Closed
Description
Current two tutorials in the docs use different columns to get a predicted value out of the pipeline into an instance of the user-defined prediction type:
- Regression taxi fare tutorial uses the Score column
- Binary classification sentiment analysis tutorial uses the PredictedLabel column
How does one know which column to use to populate instances of the prediction type? Especially given that, in case of the (binary) classification solution, the Score column is also available (I guess, then it contains the probabilities of being in a certain class).
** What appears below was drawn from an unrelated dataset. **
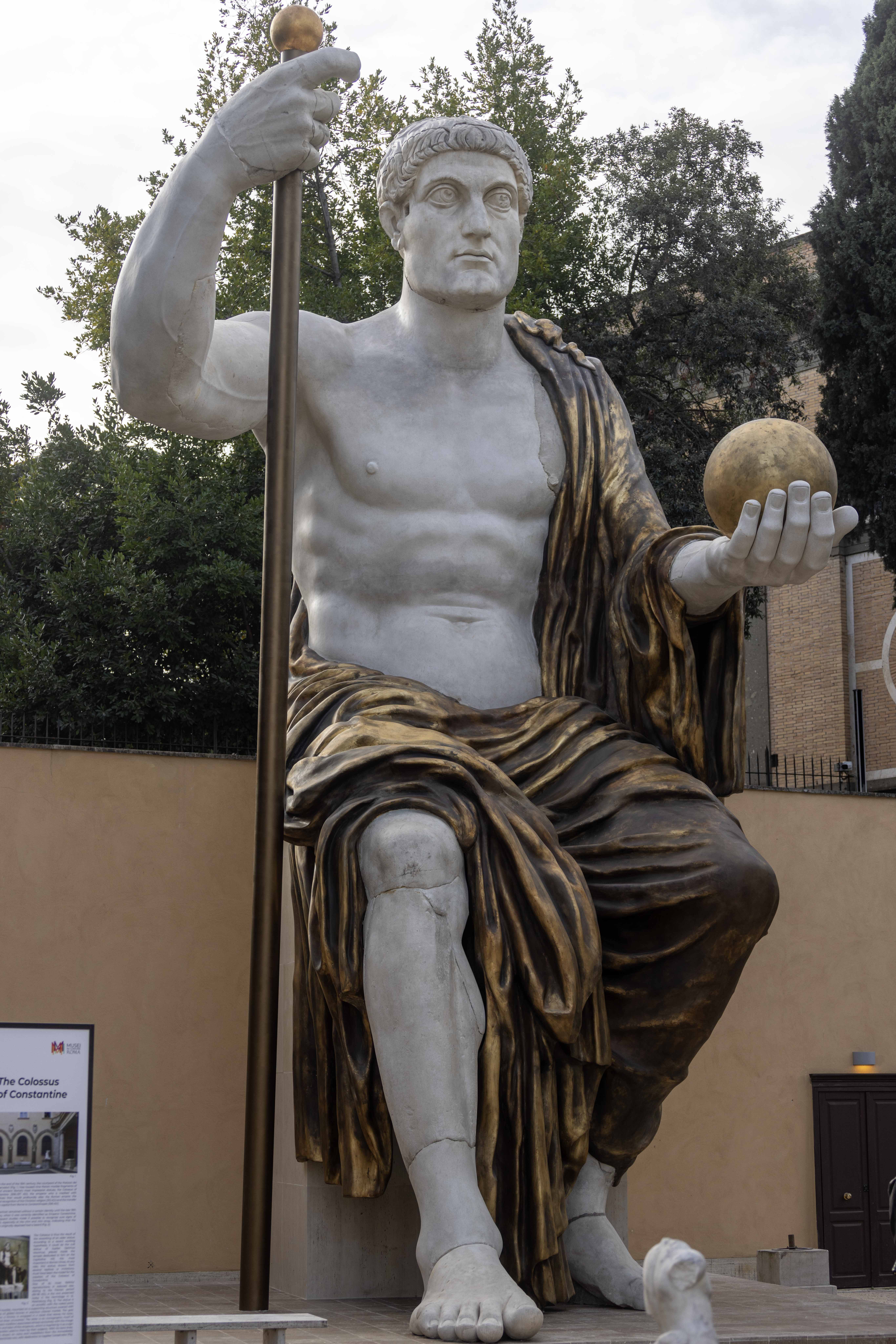 Testa, braccio e mano destra, polso, ginocchio e stinco destri, piede destro e piede sinistro. Sono i pochi frammenti pervenuti della colossale statua di Costantino I, opera composita in marmo e bronzo dorato, databile tra il 313 e il 324, considerata tra le realizzazioni più notevoli della scultura romana tardo-antica, alta 12 metri. Ed è grazie a questi pochi ma suggestivi frammenti, conservati nel cortile di Palazzo dei Conservatori ai Musei Capitolini, che è stato possibile ricostruire la statua nella sua imponente interezza, al termine di un lavoro di analisi archeologica, storica e funzionale dei pezzi, supportata dalla lettura delle fonti letterarie ed epigrafiche. E così, da oggi, la Statua colossale di Costantino I può essere ammirata nel giardino di Villa Caffarelli.
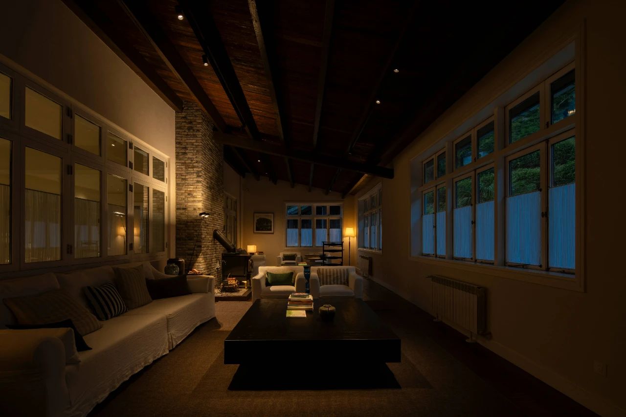 室外照明部分,通過調整景觀燈光源參數,顯著降低了鳥瞰視角下的低位眩光;同時,在門廊區域創新性運用入戶燈具,以光影層次烘托山居意境,踐行“暗天空”理念。項目通過以下設計手法實現自然與功能的平衡:

As for the trainer inputs, rules are more or less clear:
- Use the Label column for labels (or specify another column name through the
LabelColumn
property) - Use the Features column for features (or specify another column name through the
FeatureColumn
property)
Can the setup of the predictor output be done in similar way:
- Use the column with the same name across all the predictors for the predictor output. I guess that might require to extend regression
IDataView
with the PredictedLabel column that would be a copy of the Score column. - Be able to setup the name of the output column. (That seems the PredictedLabelColumnOriginalValueConverter can be used for that; or I'm wrong and that class is intended for use in tandem with the Dictionarizer?)
By the way, the mere explanation of the Score and PredictedLabel columns here would be appreciated as well. Then, at least, I'll update the docs to make story clearer.